Between 2011 and 2013, Kaluuya appeared in several short films, most notably in Daniel Mulloy's Baby, which premiered at the Sundance Film Festival, and went on to win the Best Short Film Award at the Edinburgh International Film Festival, as well as the Best Short Film Award at the British Independent Film Awards. In 2011, he appeared in the sequel to the 2003 film Johnny English, titled Johnny English Reborn, as Agent Tucker. Also in 2011, he played the role of Mac Armstrong in BBC3's supernatural drama series The Fades. In 2013, he appeared in the superhero comedy film Kick Ass 2. In 2015, he portrayed an FBI Agent in Denis Villeneuve's thriller film Sicario.

Kaluuya played one of the lead characters opposite Jessica Brown Findlay in "Fifteen Million Merits", an episode of the anthology series Black Mirror, for which he received positive reviews from critics. The episode originally premiered on Channel 4 in 2011, but gained popularity after it was subsequently released on Netflix in the United States. It was his performance in Black Mirror that attracted the attention of Jordan Peele, who later cast him in Get Out, which proved to be his breakthrough role.

Kaluuya's performance in Get Out, which was released in cinemas on 24 February 2017, attracted significant critical acclaim. Steven Gaydos of Variety wrote that "the terror, tension, humor, and fury of this powerfully effective cinematic balancing act all rests on the shoulders of this brilliant young British actor who communicates universal anxieties without ever losing the essential home address of his beleaguered African-American hero." Richard Lawson of Vanity Fair called Kaluuya's performance a "masterful, telling piece of acting." For his performance, he received numerous accolades, including an Academy Award nomination for Best Actor. He also received nominations for a BAFTA Award, Critics' Choice Award, Golden Globe Award, and SAG Award for his role. In 2018, he received the BAFTA Rising Star Award.

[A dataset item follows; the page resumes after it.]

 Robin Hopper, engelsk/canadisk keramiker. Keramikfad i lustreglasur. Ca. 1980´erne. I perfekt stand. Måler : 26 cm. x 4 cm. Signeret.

In December 2016, Kaluuya was cast in the Marvel Cinematic Universe film Black Panther. The film was released on 16 February 2018, in the United States. Kaluuya also had a large role in the heist film Widows (2018), and starred in the road trip/crime movie Queen & Slim (2019), opposite Jodie Turner-Smith.

In 2018, he joined the voice cast of the BBC and Netflix's miniseries Watership Down.

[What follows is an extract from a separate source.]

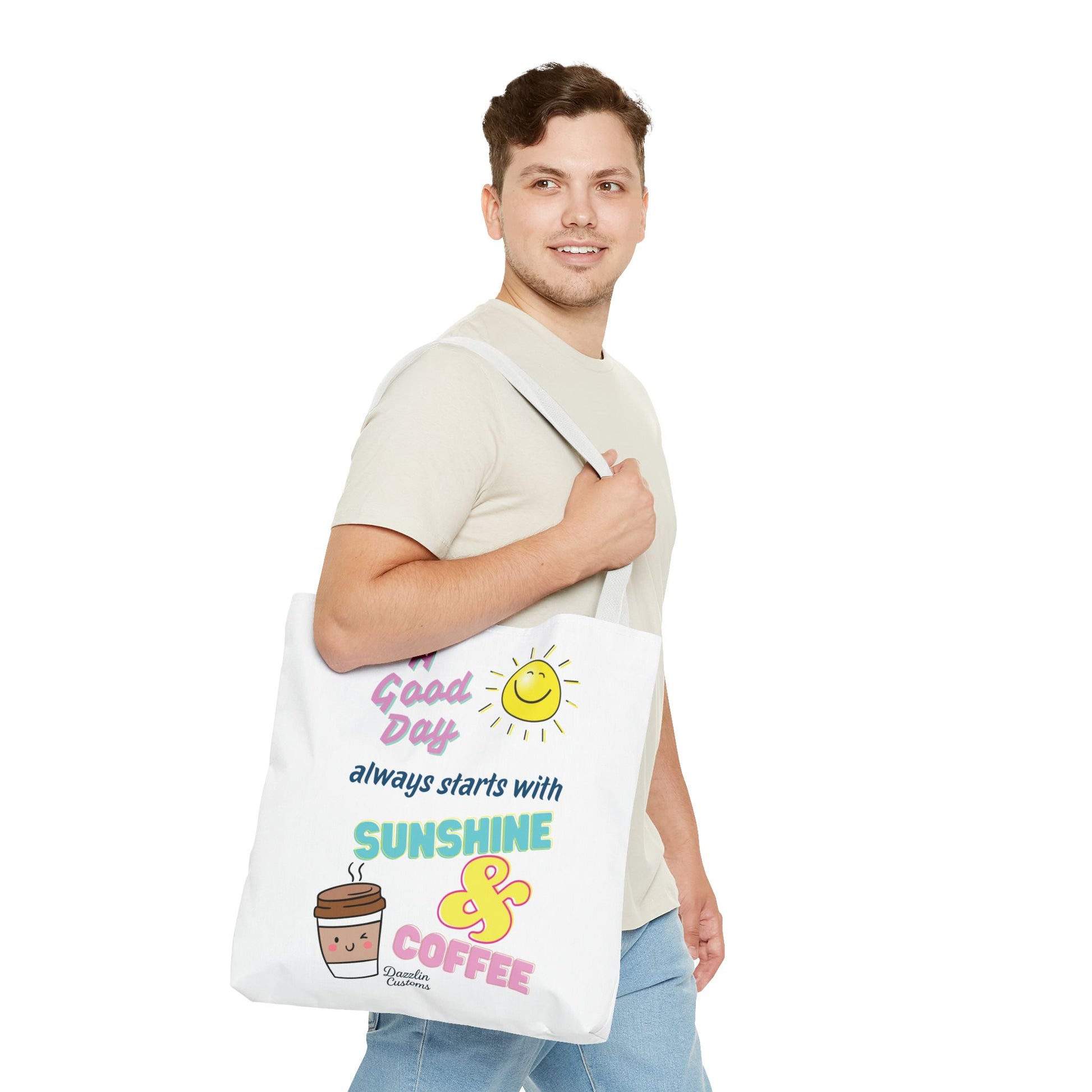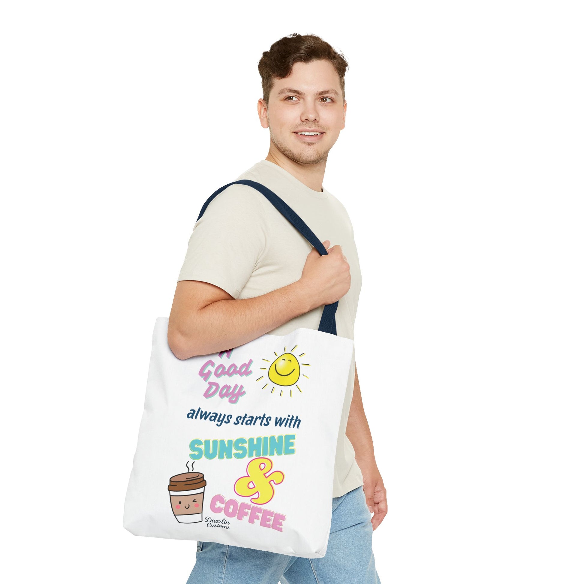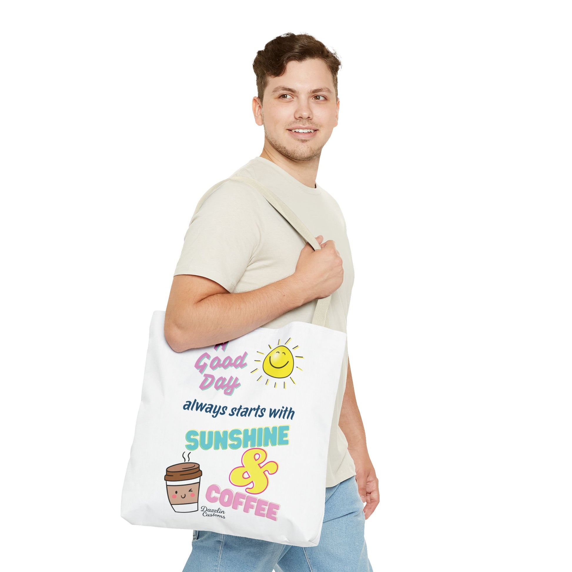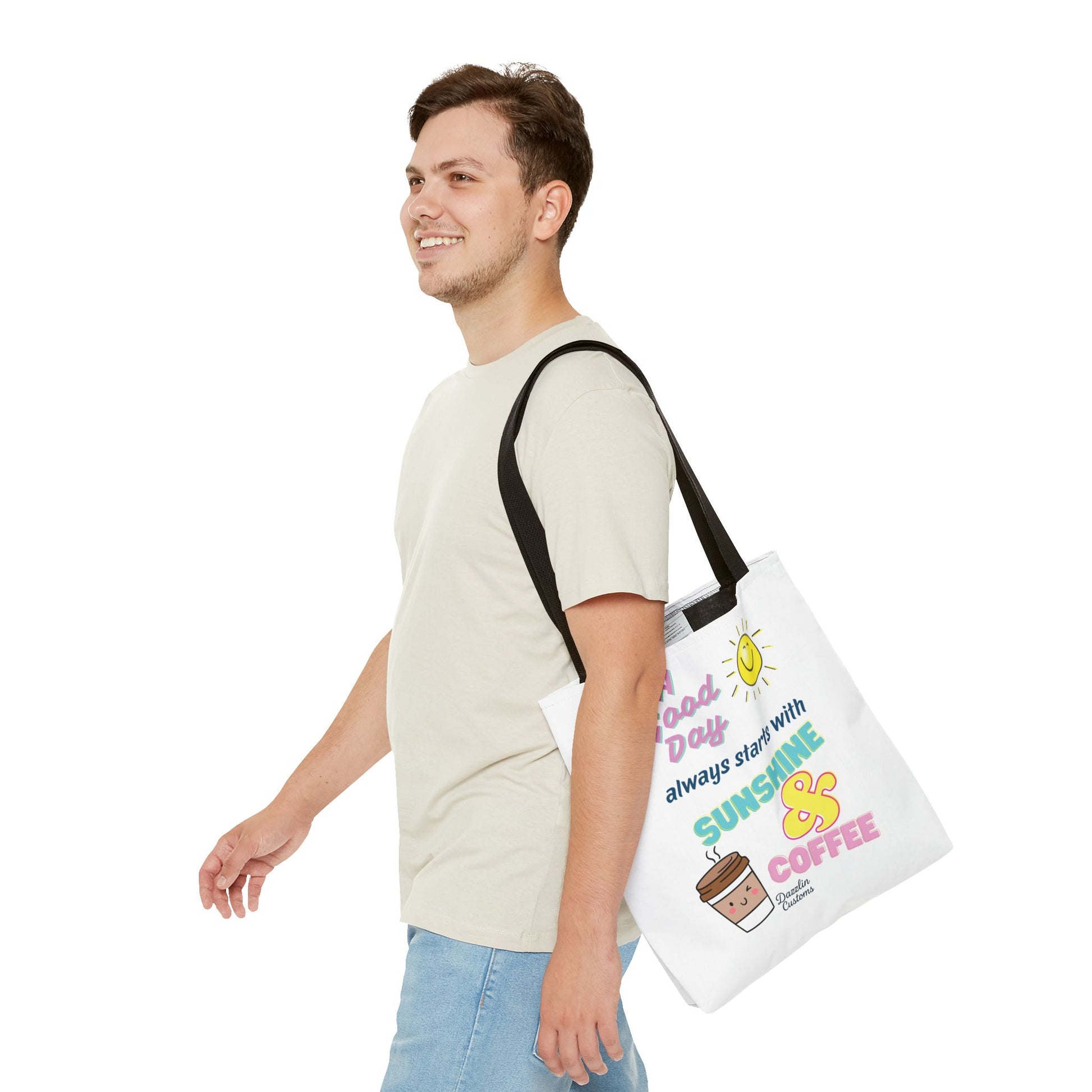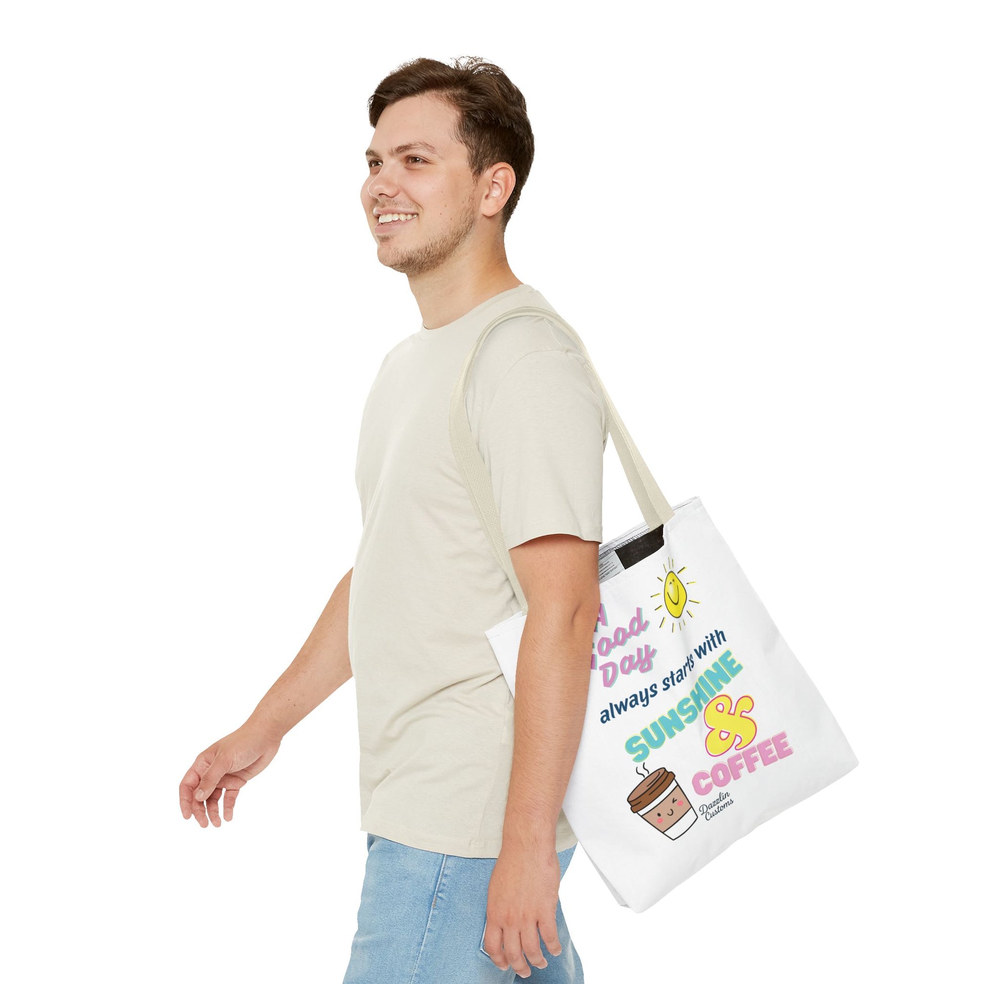 Brighten your day with this delightful Tote Bag! Featuring a cheerful design that includes uplifting phrases and playful graphics, this tote radiates positivity and joy. Perfect for those who love to start their morning with sunshine and coffee, it adds a fun, vibrant touch to your daily routine. Ideal for anyone looking to express their sunny disposition, this tote bag is perfect for students, busy professionals, or anyone on the go. Whether it’s for casual outings, grocery shopping, or a day at the beach, this tote is versatile and practical. Celebrate all occasions, from birthday gifts to ‘just because’ surprises, and spread a little happiness with every use!

===2019–present: Nope, Judas, Barney, and The Kitchen===
In October 2019, it was announced that Kaluuya was to produce a feature film based on the children's television show Barney & Friends through his newly formed production company 59%, alongside Mattel Films. According to Kaluuya, the Barney film would "surprise audiences and subvert expectations." In February 2025, it was announced that Ayo Edebiri was in talks to star in and write the film for A24.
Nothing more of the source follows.